Rrezarta Krasniqi, Ph.D.

Department of Computer Science and Engineering

University of North Texas

Detecting Emerging Quality-Related Concerns in Defect Reports


Project Description. Quality-related concerns are often coined with the terms non-functional requirements, architecturally significant requirements, and quality attributes. Collectively, these qualities affect non-behavioral concerns of the software system such as reliability, usability, security, or maintainability among others. As a byproduct of a long-term maintenance effort, these system qualities tend to erode over time, causing system-wide failures that emerge via quality-related bugs.
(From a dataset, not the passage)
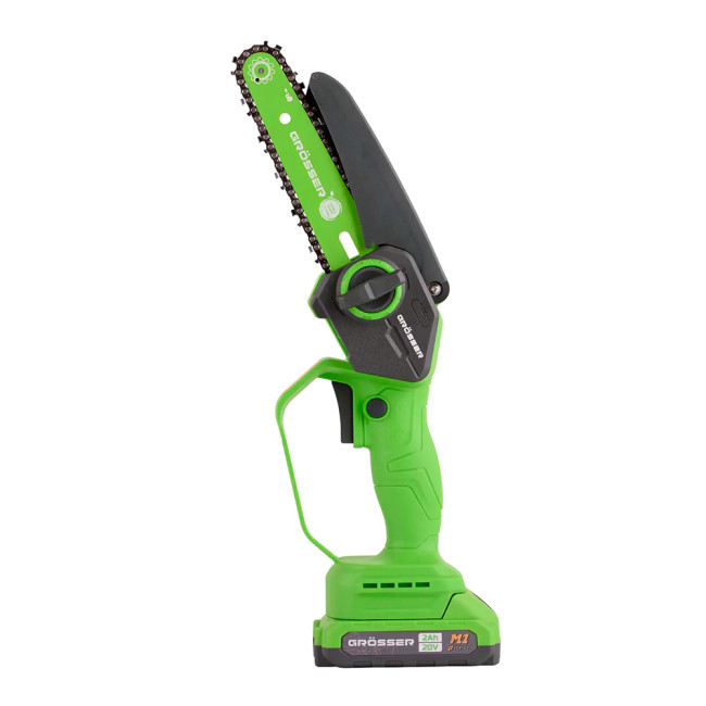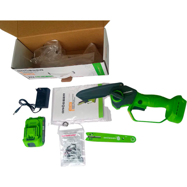 Акумуляторна пилка ланцюгова від торгової марки «Grosser» використовується для обрізання дерев та видалення сухих гілок на присадибній ділянці, як ріжучий елемент застосовується напрямна шина довжиною 6 дюймів (152 мм) та ланцюг (крок 1/4).

Quality-related bugs can have a detrimental impact on system's sustained stability and can chiefly hinder its core functionality. Typically, for the developers, to manually examine these high-impacted quality-related bugs can become prohibitively expensive and impractical task to attain. This is often a case with bugs that are reported from medium or large-sized projects such as Eclipse. To alleviate this problem, we built a quality-based classifier to automatically detect these emerging quality-related concerns from textual descriptions of bug report summaries. Specifically, we leveraged a weighted combination of semantics, lexical, and shallow features in conjunction with the Random Forest ensemble learning method. Finally, we discuss the practical applicability of our classifier for mapping and visualizing quality-related concerns into the codebase with an example from the Derby project. To summarize, this work represents an effort and an early awareness to improve the underlying management of tracking systems and stakeholder requirements in open-source communities.